The goal is to stop that spread, and the new law will help achieve that goal by limiting the reasons health workers can decline the flu shot, Shah says.
Lack Of Enforcement
Some on the frontlines of public health worry the law won’t live up to its purpose since it lacks enforcement.
No one is required to track whether health care facilities are doing what’s now required of them. That worries Julie Pryde, who leads the Champaign-Urbana Public Health Department.
“Look at something as simple as a speed limit sign,” Pryde says. “If [they] know that there’s nobody checking up… people aren’t going to follow it.”
Shah says his agency conducts regular facilities inspections, and checking up on flu shot programs could be a part of that.
But Pryde says the law would be more effective if it allowed public health officials at the state level to work with local departments like hers to do more thorough enforcement.
“Unvaccinated workers pose a significant health risk to the vulnerable populations if they get the flu,” Pryde says. But when those employees are vaccinated, they “form a ring of protection.”
A Snapshot Of Flu Shot Rates
Danny Chun, a spokesman for the Illinois Health and Hospital Association, notes that flu shot rates for hospital workers are pretty high nationwide: 92 percent, according to the CDC.

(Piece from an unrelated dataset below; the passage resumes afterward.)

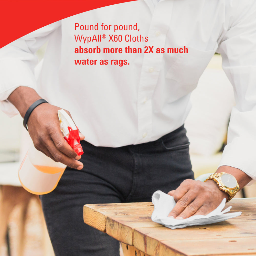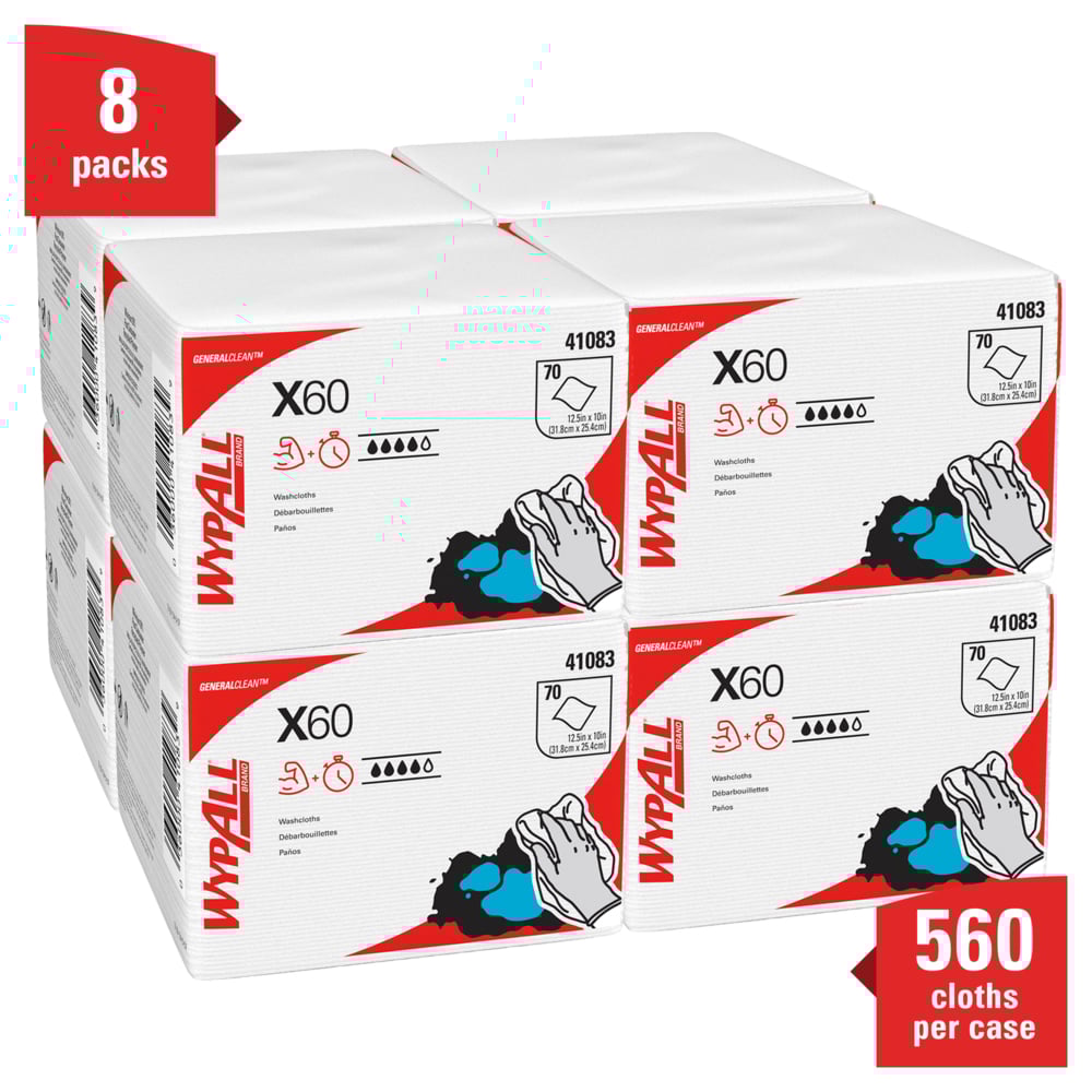 • WypAll® is the number one brand of disposable wipes in the US and Canada. Create a clean work environment with light to medium duty general cleaning solutions. You can trust WypAll® General Clean X60 Multi-Task Cleaning Cloths-Washcloths for efficient cleaning. Pound for pound, WypAll® General Clean X60 Multi-Task Cleaning Cloths absorb more than two times as much water as rags. They bring the absorbing power of HydroKnit technology (for superior absorbency) to a lighter-weight cloth. Designed to outperform laundered rags, WypAll® X60 Cloths help raise the standard for general-purpose cloths at a terrific value. They don’t use adhesives or binders, so they’ll leave no residue behind, and they’re reinforced for strength when wet or dry. These cleaning washcloths are so sturdy that they can often be used more than once (once you’ve used them a few times, they’re disposable). They’re designed to reduce waste so you spend less. When effectiveness and value top your list of criteria, you can trust WypAll® General Clean X60 Multi-Task Cleaning Cloths to deliver.

“Hospitals and healthcare workers are very aware of the risks and dangers of the influenza season,” Chun says.
But for employees at long-term care facilities, including nursing homes, the nationwide flu shot rate is much lower, at 67 percent.
Side Effects reached out to several hospitals and long-term care facilities throughout Champaign-Urbana to find out how some places are handling the new law.

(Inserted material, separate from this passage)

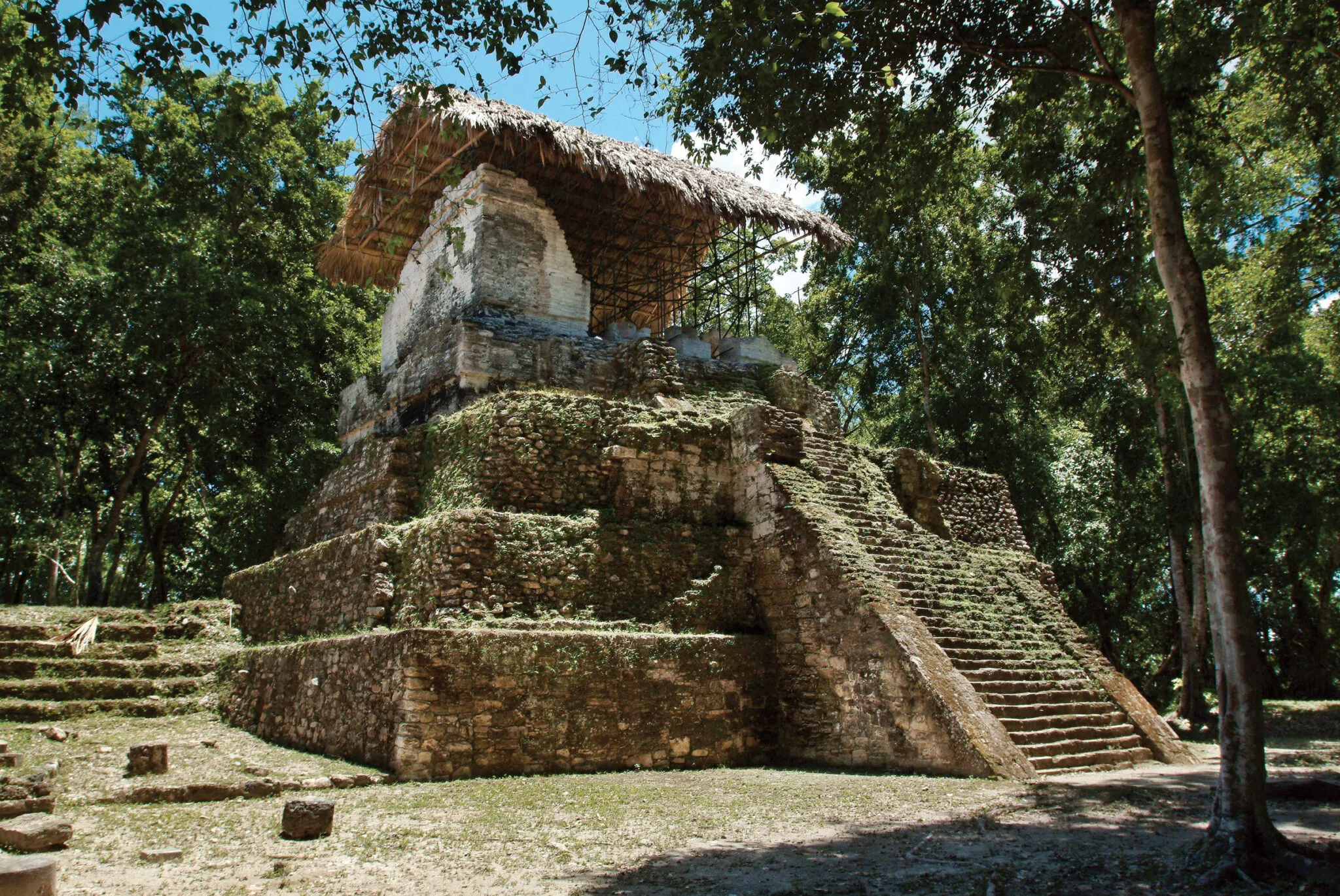 The important ceremonial center of Yaxhá is located between the two lakes of Yaxhá and Sacnab. Upon arrival we board a “Lancha” (motorized canoe) to visit Topoxte, a site with a long occupational history that became a Late Classic outpost of Yaxhá before being abandoned by 900 AD. The site was later reoccupied by the Maya K’owoj in AD 1350 becoming the largest Post Classic Maya site in the Petén. Topoxte was finally abandoned in AD1450. Formerly sited on an island the ruins are now located on a peninsula due to lower water levels. After lunch, we will explore Yaxhá, an important Maya site and recent location of the US ‘Survivor’ TV series. Yaxhá has over 500 structures, including 40 stelae, 2 ball courts and 9 temple pyramids. Structures at Yaxhá show the influence of Teotihuacan and Plaza ‘C’ has the only twin-pyramid complex outside of Tikal which gives an insight into Yaxhá’s political allegiances. We will end the tour atop temple 216 to view the jungle and lakes of Yaxhá and Sacnab.

At Carle Foundation Hospital and OSF Healthcare, flu shots are offered to all employees, according to hospital spokespeople. Medical and religious exemptions are allowed, and both hospitals’ vaccination rates track with the national average for hospital workers, at around 90 percent.
Spokespeople for Swann Special Care Center, a nursing care program for children with severe intellectual disabilities, and Heartland Health Care Center-Champaign, say they require all employees get flu shots unless they have a religious or medical exemption.
At Clark-Lindsey nursing home, all employees are “highly encouraged” to receive flu shots, but it is not mandatory, according to marketing director Karen Blatzer. “Each employee is given a form to fill out to either accept or decline getting a flu vaccine,” she said in an email. “If an employee declines [the flu shot], he or she has to provide a reason why.”
The Champaign County Nursing Home declined to answer questions.
Pryde says she wants to see the state follow up to ensure all facilities require flu shots of their employees in accordance with state law.
“If people see this law in the news, they’re going to assume that their loved ones are being protected, when in fact, it may not be,” Pryde says.
What The Future Could Bring
Shah says his agency has already done what the law requires: write the new rules and notify facilities about them.
“The implementation and execution of this program is really left, now, to the facilities,” Shah says.
State Sen. Cunningham says he doesn’t anticipate compliance with the new rules will be an issue. It was a hospital system in Chicago, after all, that reached out to initiate the stricter legal language regarding flu vaccines for health workers.
Plus, he says, the state’s public health department has the legal authority to take action against any facility that doesn’t comply. Cunningham says the legislature is also open to further amending the law, if needed.
But Pryde’s question remains: If no one’s checking, how will people really know health care workers are getting the flu shot?